Stored data section start

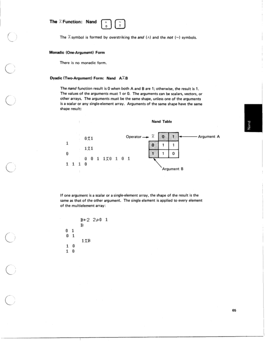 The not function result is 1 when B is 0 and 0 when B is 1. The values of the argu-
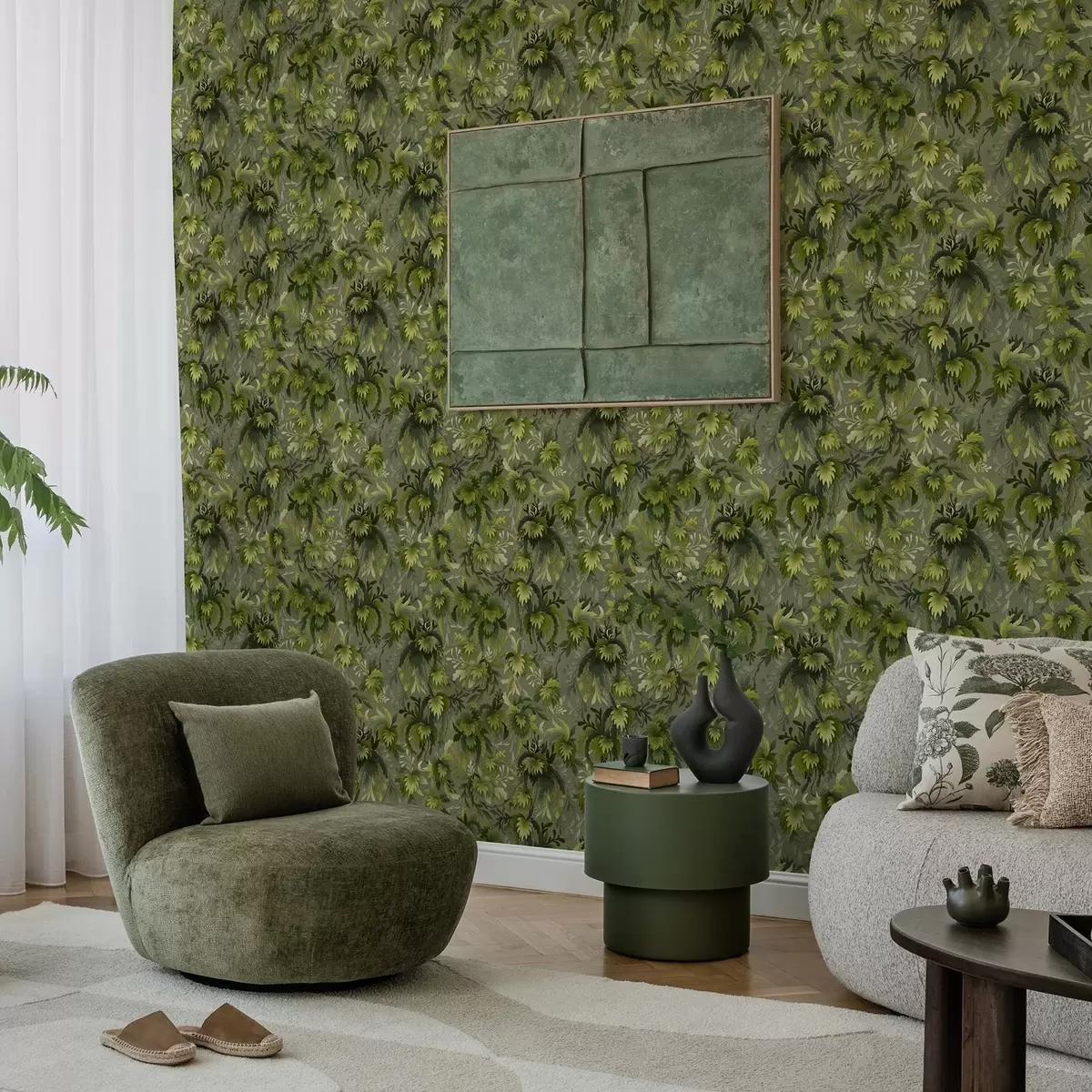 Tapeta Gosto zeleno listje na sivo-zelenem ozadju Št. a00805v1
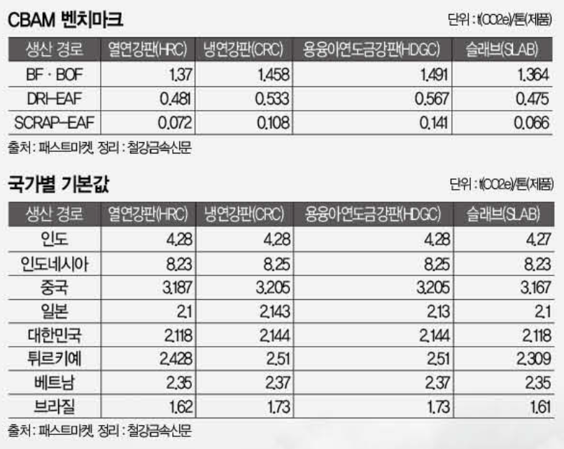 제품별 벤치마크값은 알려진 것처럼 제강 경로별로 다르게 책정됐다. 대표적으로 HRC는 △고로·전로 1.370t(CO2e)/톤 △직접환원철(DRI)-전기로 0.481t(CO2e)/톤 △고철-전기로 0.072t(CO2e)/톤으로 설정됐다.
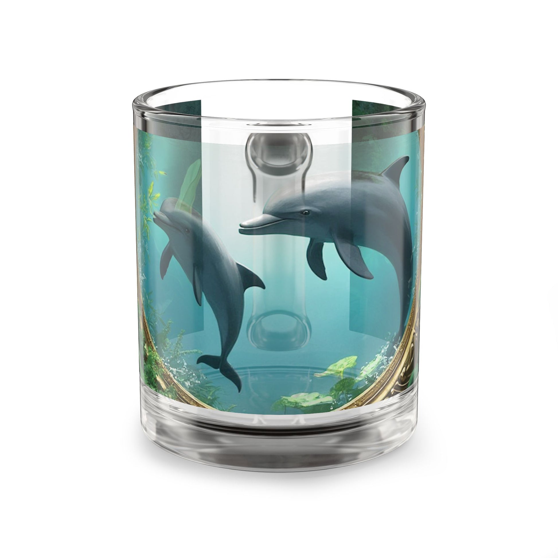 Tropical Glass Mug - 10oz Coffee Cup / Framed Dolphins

Stored data section end

Please give back the material above exactly as written, pictures omitted.

**Written response**
 The not function result is 1 when B is 0 and 0 when B is 1. The values of the argu-
 Tapeta Gosto zeleno listje na sivo-zelenem ozadju Št. a00805v1
 제품별 벤치마크값은 알려진 것처럼 제강 경로별로 다르게 책정됐다. 대표적으로 HRC는 △고로·전로 1.370t(CO2e)/톤 △직접환원철(DRI)-전기로 0.481t(CO2e)/톤 △고철-전기로 0.072t(CO2e)/톤으로 설정됐다.
 Tropical Glass Mug - 10oz Coffee Cup / Framed Dolphins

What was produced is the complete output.